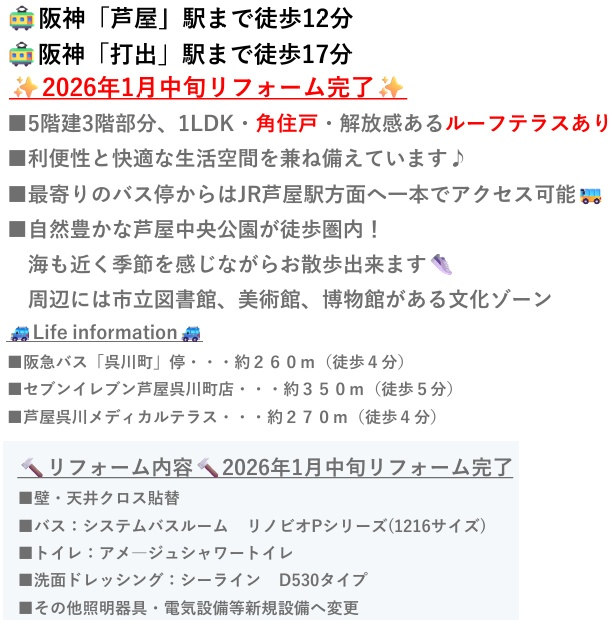 ◆阪神「芦屋駅」徒歩10分/JR「芦屋駅」バス7分「呉川町」バス停徒歩4分
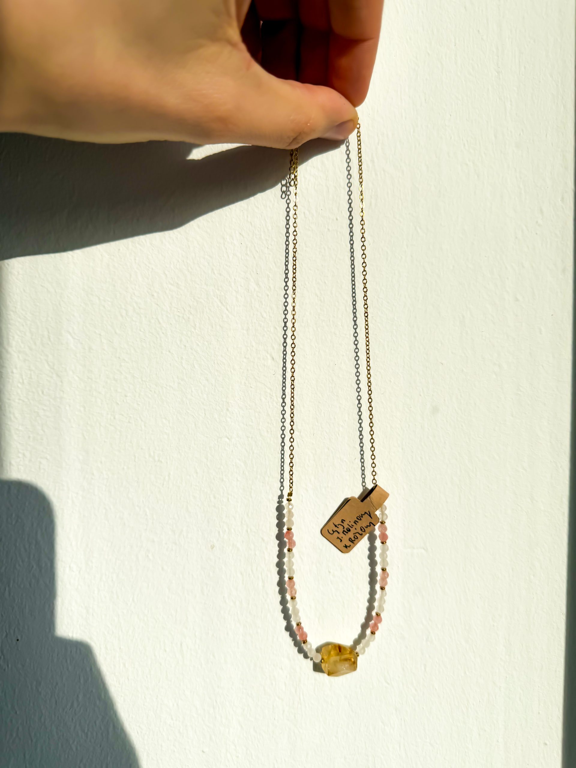 Bryłka cytrynu stanowi centralny punkt naszyjnika, a drobniejsze kamienie jadeitu malinowego i kwarcu różowego dopełniają całość subtelną, kobiecą energią.
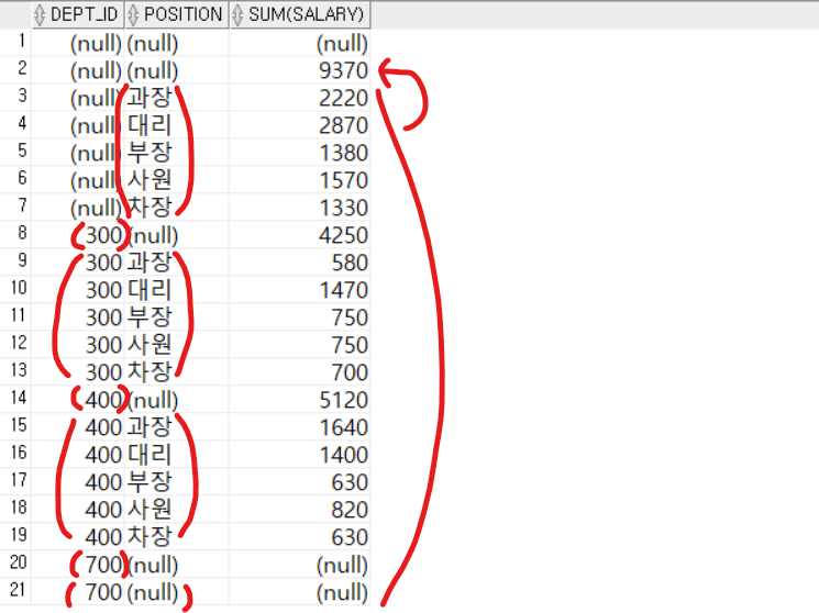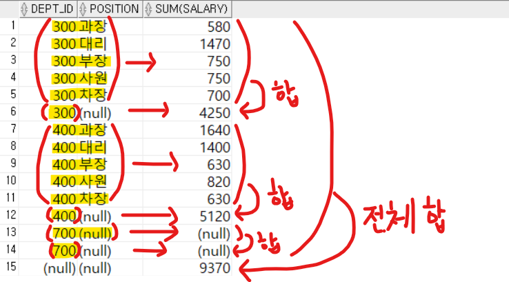- GROUP BY ROLLUP (dept_id, position)에는 다음의 결과가 함께 표시

* Your task *
For this exercise, transcribe the data above line by line, exactly, with pictures omitted.

* Solution for this exercise *
 ◆阪神「芦屋駅」徒歩10分/JR「芦屋駅」バス7分「呉川町」バス停徒歩4分
 Bryłka cytrynu stanowi centralny punkt naszyjnika, a drobniejsze kamienie jadeitu malinowego i kwarcu różowego dopełniają całość subtelną, kobiecą energią.
- GROUP BY ROLLUP (dept_id, position)에는 다음의 결과가 함께 표시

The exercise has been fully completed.